Researchers from ETH Zürich and Google unveiled a new RowHammer attack variant, named Phoenix, targeting DDR5 memory chips from SK Hynix, bypassing advanced protection mechanisms. The Phoenix attack exploits a hardware vulnerability in DRAM chips, causing bit flips in adjacent rows, potentially leading to unauthorized data access or privilege escalation. Despite advanced defenses like Error Correction Code (ECC) and Target Row Refresh (TRR), the attack achieves privilege escalation on DDR5 systems in just 109 seconds. The vulnerability affects all 15 DDR5 memory chips tested, produced between 2021 and 2024, allowing attackers to target RSA-2048 keys and escalate privileges to root. Researchers advise increasing the refresh rate to 3x to prevent the Phoenix attack from triggering bit flips on affected systems. The findings highlight ongoing challenges in DRAM security, as newer chips become more susceptible to RowHammer due to density scaling and reduced activation requirements. The disclosure follows recent reports of other RowHammer attacks, including OneFlip and ECC.fail, which target different DRAM configurations and protections.

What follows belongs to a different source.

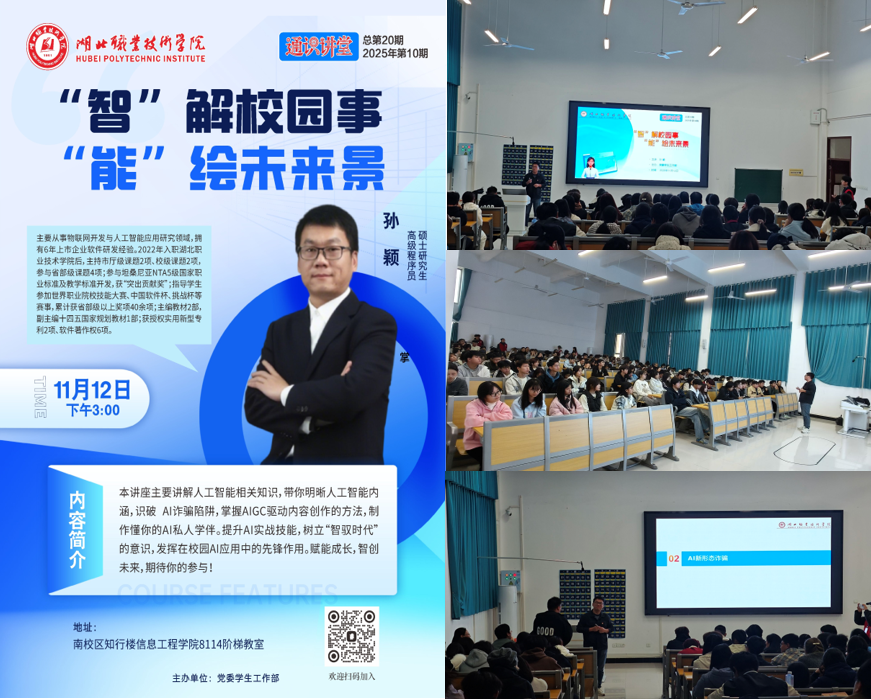 11月12日,第20期通识讲堂在南校区知行楼8114阶梯教室开讲。高级程序员、信息工程学院孙颖老师以《“智”解校园事,“能”绘未来景》为主题,为两百余名学子带来一场关于AI应用与创新的深度分享。
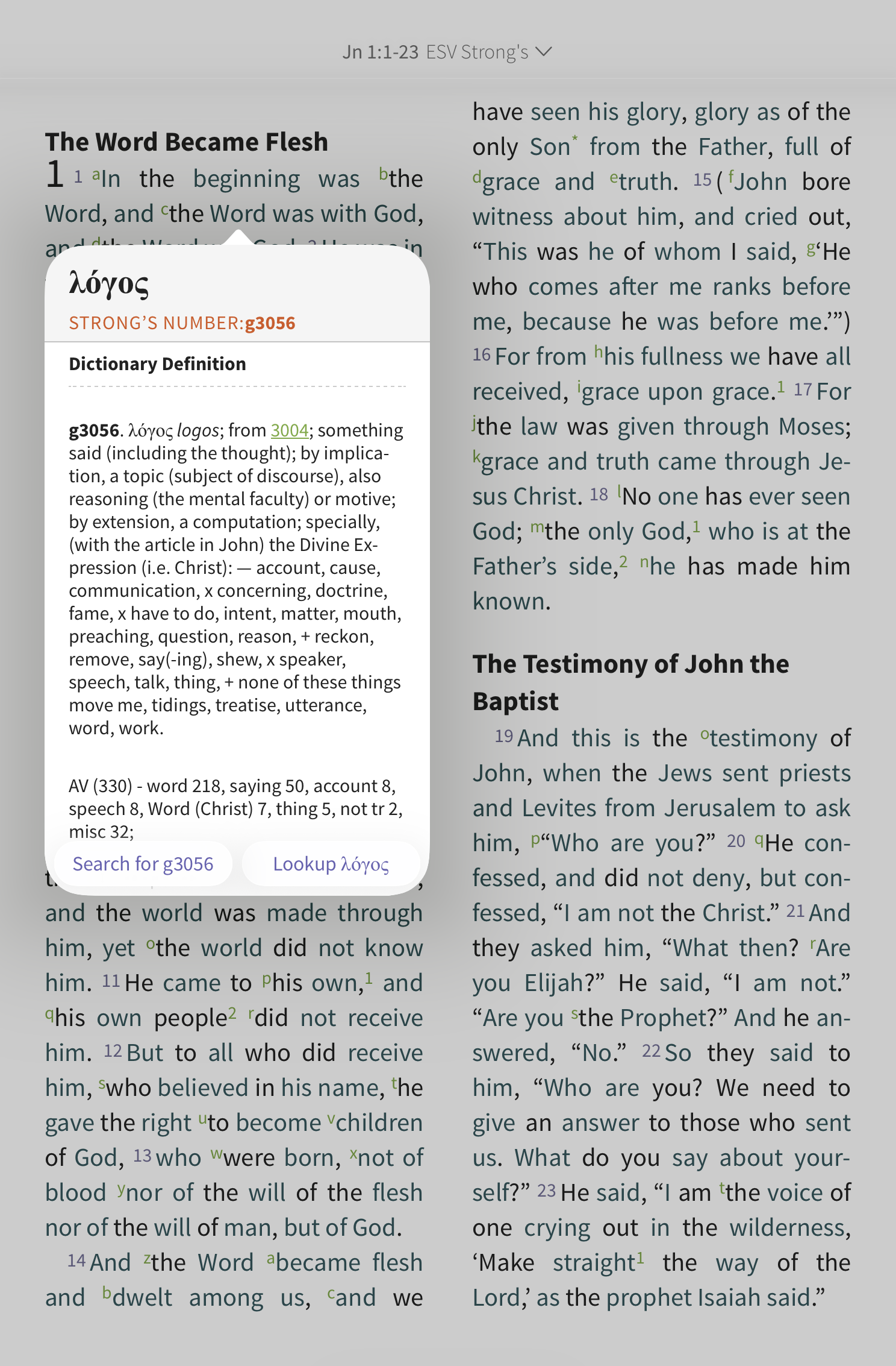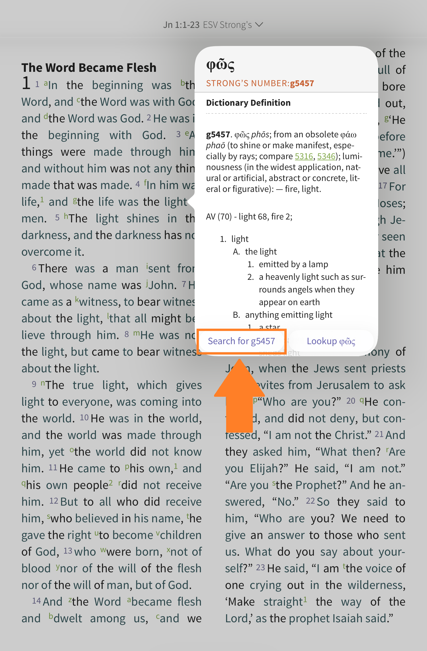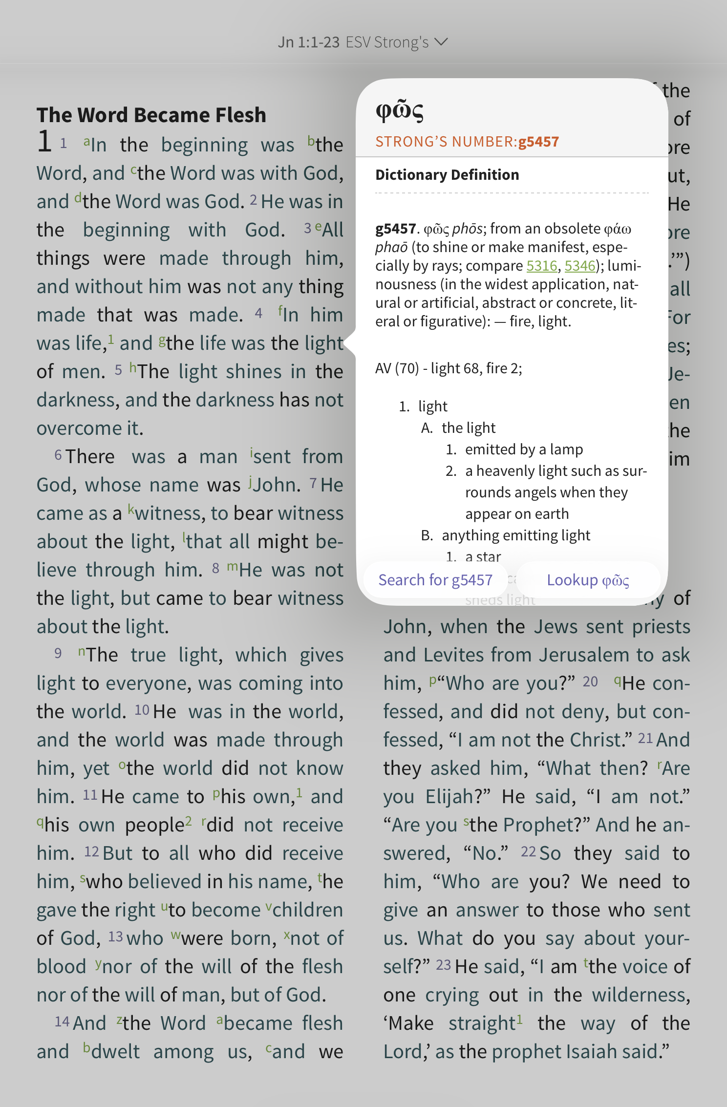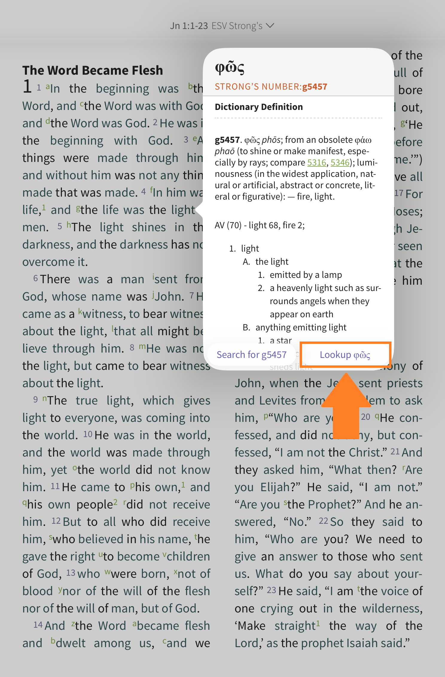 This allows you to search your current book for the Strong's number or the word in the original language. - "Search for..." offers the same function as the search in #6, but is part of the UI (user interface). "Look Up..." allows you to look up the original word in any Greek or Hebrew dictionaries that you have downloaded in the app.

From November 1, China's Cyberspace Administration mandates network operators report serious cyber incidents within one hour, with penalties for non-compliance. The new regulations apply to any entity managing or providing network services, covering a broad spectrum of operators. Particularly major incidents, such as data breaches affecting over 100 million citizens or significant economic losses, require reporting within 30 minutes. Initial reports must include comprehensive details such as systems affected, attack timeline, damage assessment, and potential future harm. Failure to report promptly or accurately can lead to severe penalties for both network operators and responsible individuals. The rapid reporting requirement aims to enhance real-time monitoring capabilities and necessitates investment in compliance and response teams. This move follows recent penalties against companies like Dior for data mishandling, signaling China's stringent approach to cybersecurity governance.